Scores of Warner Bros. Records staffers past and present gathered on Saturday at the company’s headquarters since 1975 to say goodbye to the venerable building just off Riverside Drive in Burbank. Susan Leon and Kevin Laffey organized the bittersweet celebration, and WB Entertainment's Lisa Margolis took the exterior photos. Aaron Bay-Schuck, Tom Corson and their staff are preparing for their 3/18 move into the onetime Ford assembly plant in DTLA. 

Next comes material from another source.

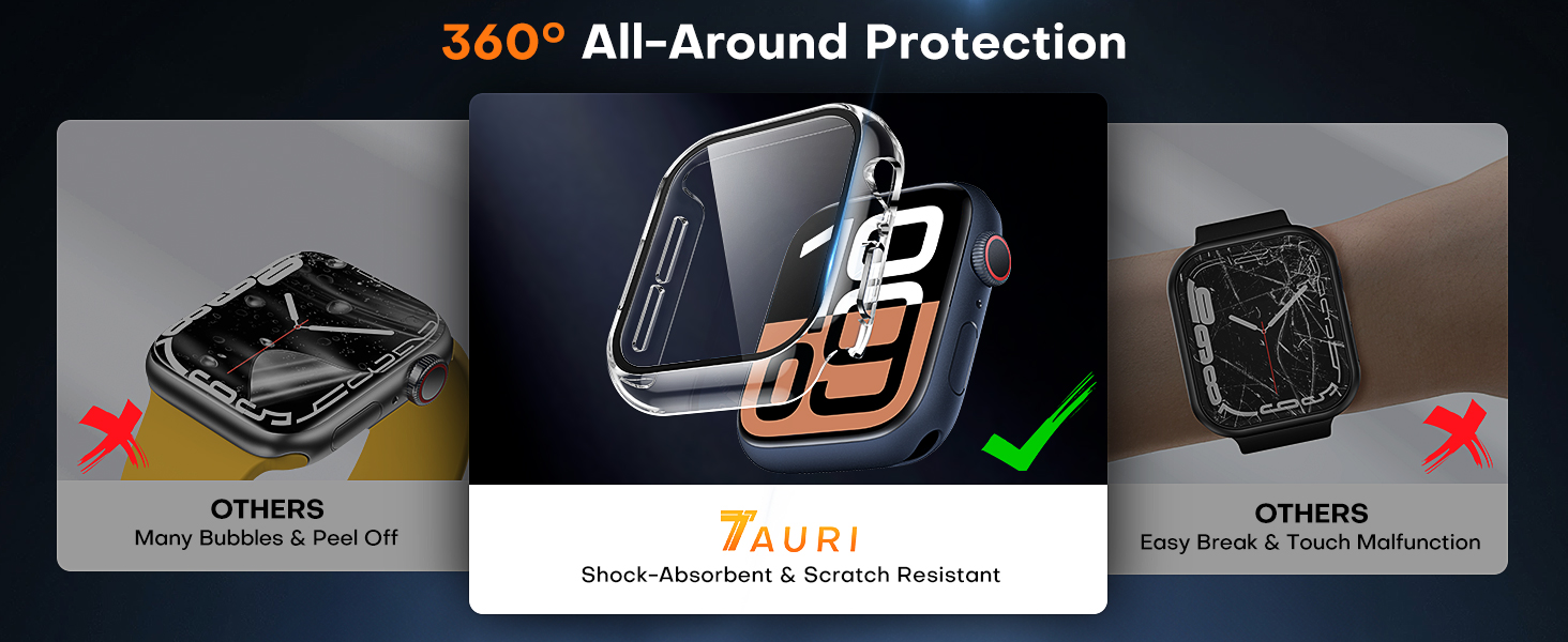 The TAURI 2 Pack Hard Case for Apple Watch Series 10 (42mm) offers comprehensive protection with a 360° shockproof design and a 9H tempered glass screen protector. Its ultra-thin, scratch-resistant cover ensures a sleek look while providing easy installation and dedicated customer support.

On hand were four guys who don’t really need name tags when they’re in the vicinity of 3300 Warner Blvd. Posing in this photo opp for old time's sake are Hale Milgrim, Jeff Ayeroff, Jim Wagner and Jeff Gold in the lobby of the art department. The photo was taken by fellow former Bunny Tim Devine, who made an interesting point in his Facebook post:

“The Warner Bros. ‘ski chalet’ is the only building I know of (besides the Capitol Tower) that was built specifically to hold its record label occupants. Many labels have had their own building (A&M on the Chaplin lot, the original Geffen on Sunset (the former Howard Hughes offices, of course!), though most were just in standard-issue office buildings here and in N.Y. 3300 Warner Blvd. was built to hold WBR and (again like Capitol) is its only occupant ever. Many people may not think of it this way, but that is rare.”

A bit of history from our own I.B. Bad: “Along with CBS and sister labels Elektra and Atlantic, Warners dominated the musical landscape of the ’70s and ’80s. We’d long viewed WB as a special place, and during the years we worked for the label—from 1978 to ’86—we got a close-up look at what made it unique and why the Burbank ski lodge was the place to be, a major with the heart of an indie. The in-house producers and the acts they produced for the A&R-driven label were at ground zero of this remarkably creative era. This impressive array of execs was brilliantly managed by Mo Ostin.”

Will the 89,452 sq. ft. building, designed by legendary SoCal architect A. Quincy Jones, receive historic-landmark status? The place would inarguably make one helluva music-biz museum.